ABOUT THIS EXERCISE:
Restate word for word each line from the one containing "NFIB 설문 항목에는" through the end of the material, and nothing more. Drop every picture.

RECORDS FOR THIS TASK:
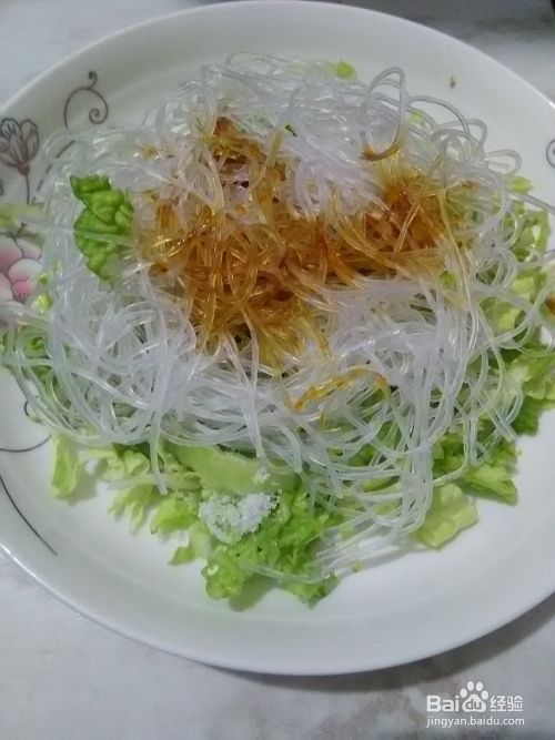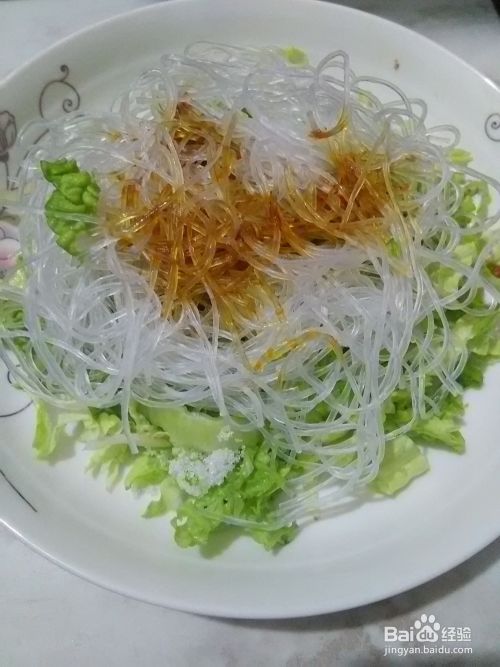如果喜欢吃辣,可以往盘中加入少许辣椒油或辣椒粉,如果不喜欢吃辣,直接将粉丝和白菜丝拌匀,就可以吃了,又酸又甜,清爽可口。
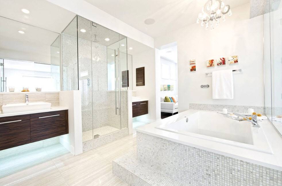 - Белая мозаика расширяет пространство, делает его светлее. Она способна кардинально сменить внешний вид комнаты.
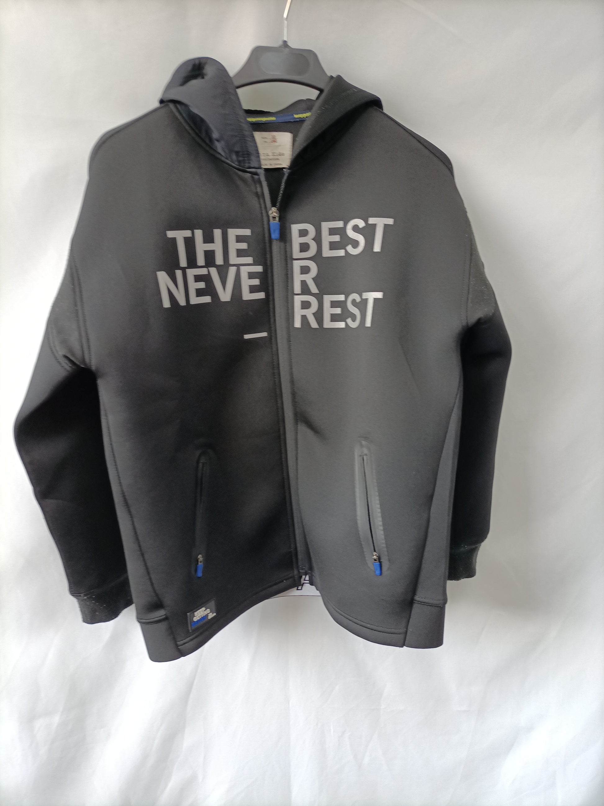 Sudadera negra de neopreno con detalles en blanco y capucha impermeable. largo 60 cm
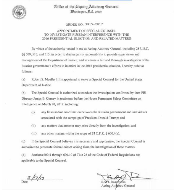 據CNN披露的一份任命文件顯示,作為特別檢察官,穆勒的任務是調查俄羅斯政府或個人與唐納德·特朗普總統競選可能存在的一切聯系和(或)協調行為,調查過程中出現的任何事件,以及司法部規定范圍的任何涉及特別檢察官任命的事項。此外,在適當并必要的情況下,穆勒可以起訴在調查中出現的聯邦犯罪行為。
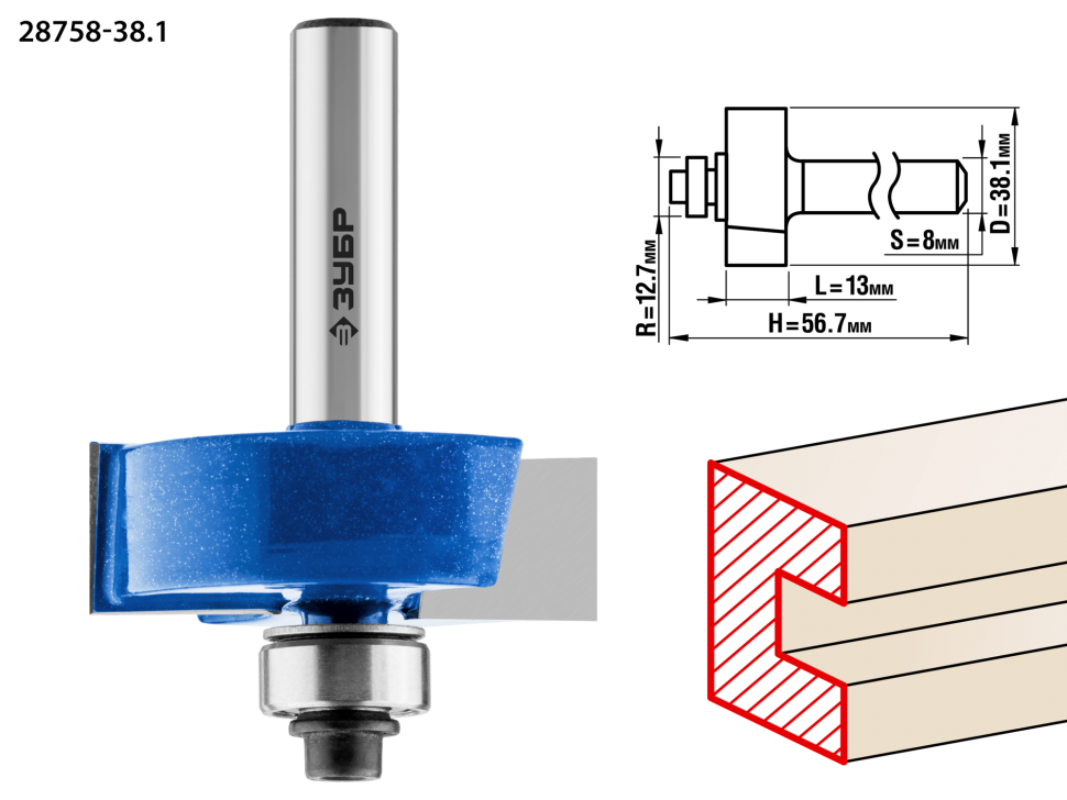 Вид устройства: Фреза галтельная Особенности: 2 лезвия Размер: ф38.1мм,R12.715.8мм Диаметр хвостовика, мм: 8 ELITECH 1820.091200
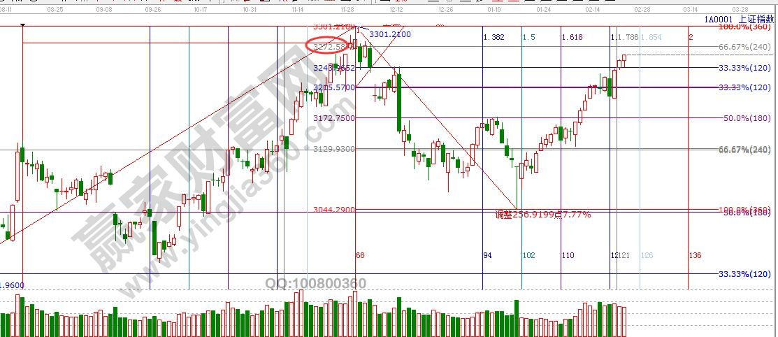 ☆依據(jù)贏家江恩理論系統(tǒng)江恩波段百分比線提示:依據(jù)百分比分析阻力位是3272點附近,支撐位3243點附近,3215點附近。
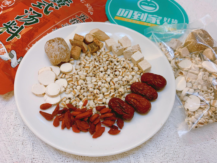 配料:五指毛桃、薏米、蜜枣、茯苓、灰枣、淮山、枸杞
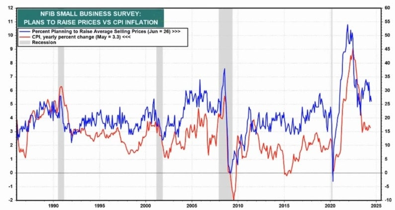 NFIB 설문 항목에는 제품 가격, 비용, 직원 보상 계획 등 다양한 물가 관련 항목이 포함됩니다.
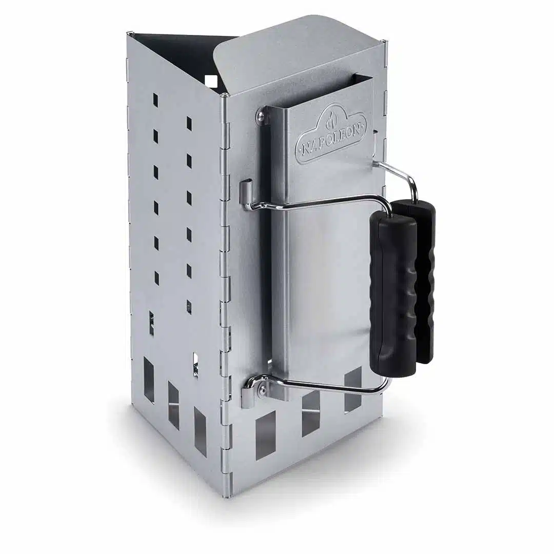 Fyll på med önskad mängd kol/briketter i och använda Napoleons tändkuber i botten av tändaren. Invänta den perfekta glöden och häll sedan över kol/briketter till din kolgrill. Tänk på att det är varmt, så använda grillhandskar.

OUTPUT:
 NFIB 설문 항목에는 제품 가격, 비용, 직원 보상 계획 등 다양한 물가 관련 항목이 포함됩니다.
 Fyll på med önskad mängd kol/briketter i och använda Napoleons tändkuber i botten av tändaren. Invänta den perfekta glöden och häll sedan över kol/briketter till din kolgrill. Tänk på att det är varmt, så använda grillhandskar.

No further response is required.